IQ metrics are continually damned. There is still no real consensus that they are useful at all. But the social sciences is filled with a lot of soft metrics like IQ because studying complex human behavior with hard science is very hard, and probably impossible.
Good, calibrated IQ tests measure something, and that something has a positive correlation with work efficiency in at least certain types of work.
That said, there are many types of IQ tests and some of them are in my opinion rather weird, for example anything where your score depends on your knowledge of English language or English history as I hear has traditionally been the case in US.
Around here it seems they try to make the tests as little dependent on language, history and even math as possible and the ones I have taken has largely been about:
- pattern matching (of these 6 squares with various patterns, which one doesn't fit in?)
- sequences (based on these 3 squares with patterns, which is the next one?)
- and that kind of stuff
These skills are things that are very real, very measurable and often linked to work throughput.
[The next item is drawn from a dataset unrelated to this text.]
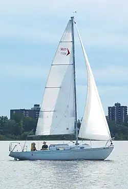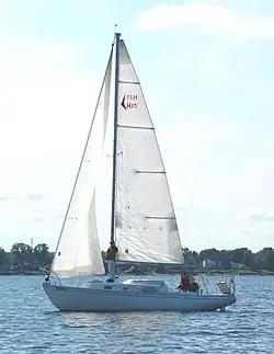 For sailing downwind the design may be equipped with a symmetrical or asymmetrical spinnaker.[9]

Yes, I rarely visualize boxes in my head and rotate them and I rarely sift through through black and white squares with alternating patterns at work, but it seems the ability to do so is often linked to the ability to mentally single step code or spot patterns in bug reports.
It doesn't mean that you are good person if your score is high (or low) and it doesn't mean that you will be a good employee and not waste your time on HN.
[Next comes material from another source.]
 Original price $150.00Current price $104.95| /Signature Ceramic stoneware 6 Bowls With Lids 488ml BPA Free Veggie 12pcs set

The tests that work in measuring human behavior are fairly simply and very repeatable. Think Fitts's or Hick's Law, which involve hit testing and searching through an unsorted list. I can imagine pattern matching being fairly repeatable as well, but I'm not sure how it really relates to real problem solving. Then again, medical doctors are basically pattern matchers (and why they are fairly excited about AI assistance in...matching patterns).